In his speech, the need to diversify teams is almost a mantra, and when I ask him what he is referring to, he answers straight ahead: first of all, gender. And then he defends a heterogeneous professional experience, different training, age, nationality. “I study individual variation in behaviour and I find that the diversity of profiles benefits populations, because of their different ways of coping with predators. It’s diversity that allows them to get ahead”. He pays special attention to internationalisation, which is why his team now includes people from Poland, the United States and Greece, among others. “Different cultures in the laboratory bring together complementary ways of approaching problems and identifying solutions, it is crystal clear to me”, he says, while regretting that in Europe the second generations of immigrant families have not yet arrived at the university and research. “If a research group is all white male, as it has been in traditional research… this is not innovation, it repeating the same”.
"Different cultures in the laboratory bring together complementary ways of approaching problems and identifying solutions, it is crystal clear to me"
The unfortunate examples of the difference in opportunities between scientists and women scientists, the daily micro-aggressions and the necessary resilience on the part of women in science are also part of a reality that worries him he has observed it both in the United States and in Europe.

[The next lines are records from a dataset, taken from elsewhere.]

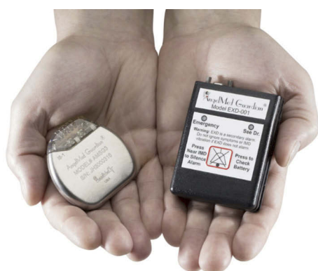
Figure 2 Implantable medical device (IMD) and external medical device (EXD).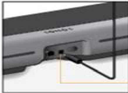
PLAYBAR'S Digital Audio In

Be sure to remove the protective caps from each end of the optical audio cable before inserting.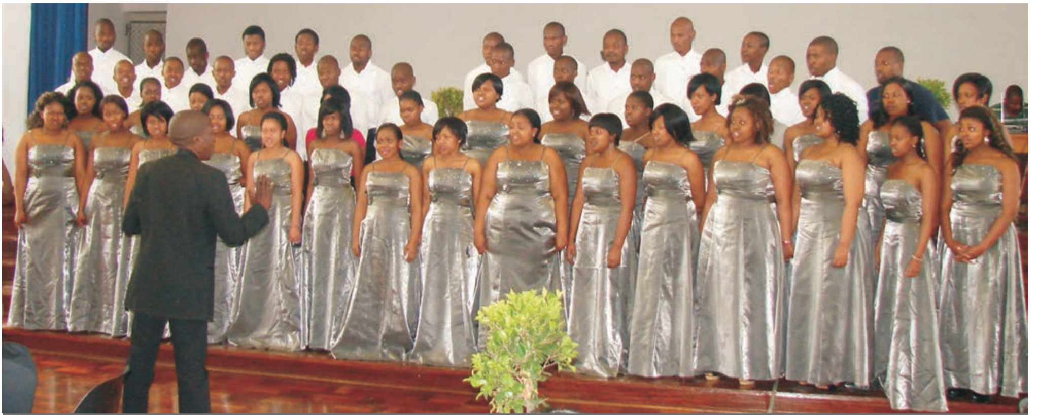
The DUT Midlands Campus Choir recently walked away with eight trophies at the South African Tertiary Institutions Choral Association (SATICA) 2012 Choral Competition in Cape Town. A total of 22 choirs participated in the competition which was held in July.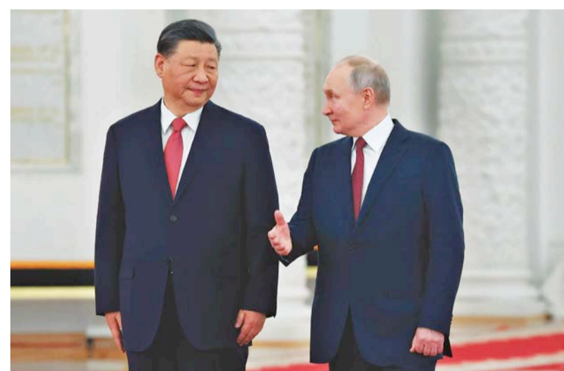
A file photo shows Russian President Vladimir Putin (right) speaking to Chinese President Xi Jinping at The Grand Kremlin Palace, in Moscow, Russia.

The announcement gives Beijing a chance to show it doesn't always agree with Moscow, though the differences might be too subtle for Western critics. They complain China helps Putin resist Western sanctions by purchasing Russian oil and gas and provides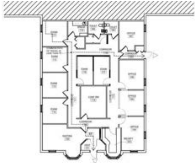
SUITE 1309 C 3,154 SF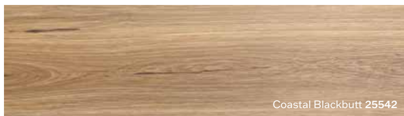
Coastal Blackbutt 25542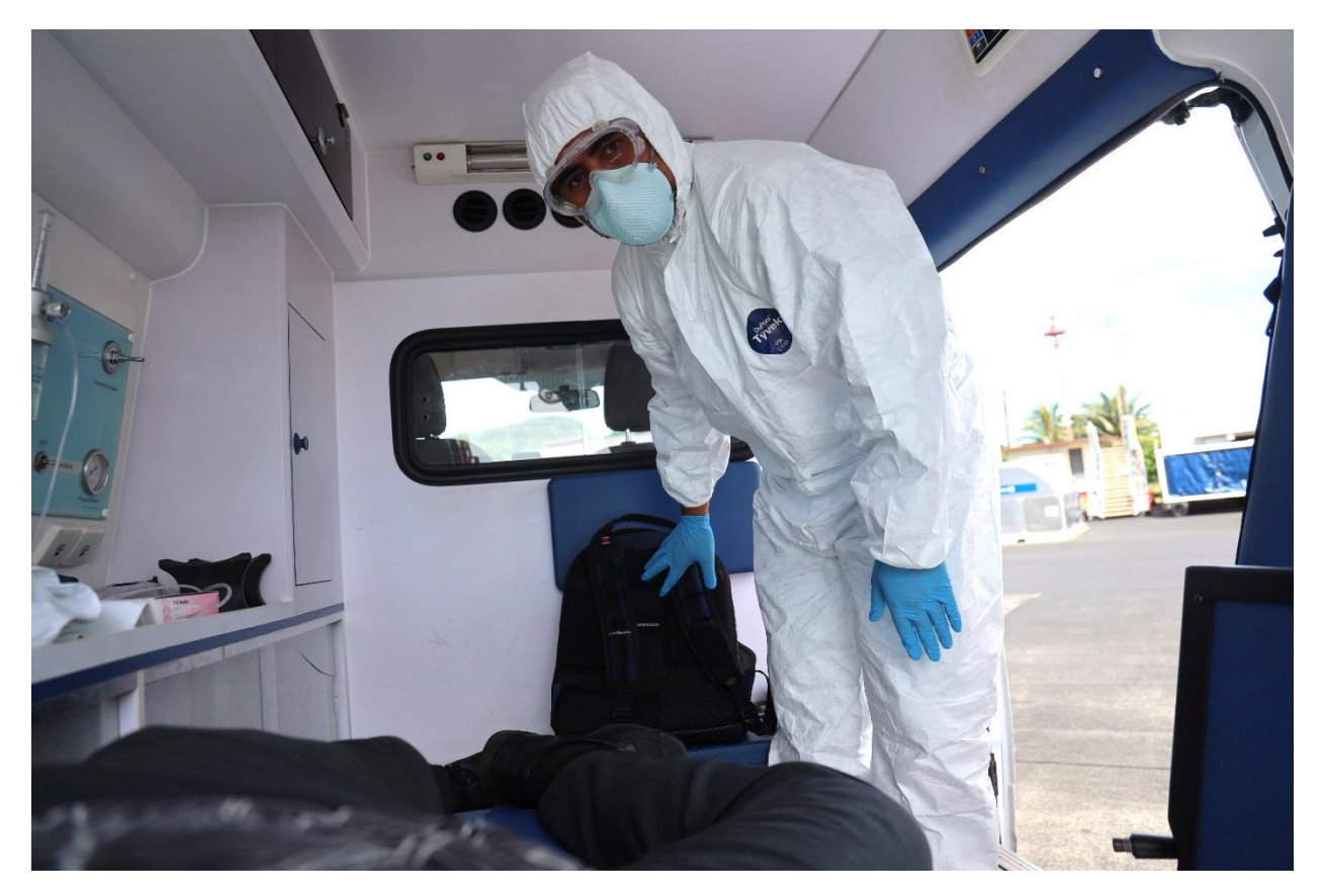
Pictured Above: A medical staff assists the potential COVID-19 patient into the ambulance

"Research should be used to answer questions, not to publish"
In parallel to the concern about gender, there is a thought about how science works: “Unfortunately, the scientific system forces us to publish a lot, especially young researchers, and this is neither good nor bad, but it doesn’t help when it makes us lose focus and takes time away from asking big questions. And research should be used to answer questions, not to publish”. And thanks to the references who have accompanied him. The opportunities, once again. “I have been fortunate to have referent people close to me who have helped me to orient myself, to answer questions rather than to publish articles”.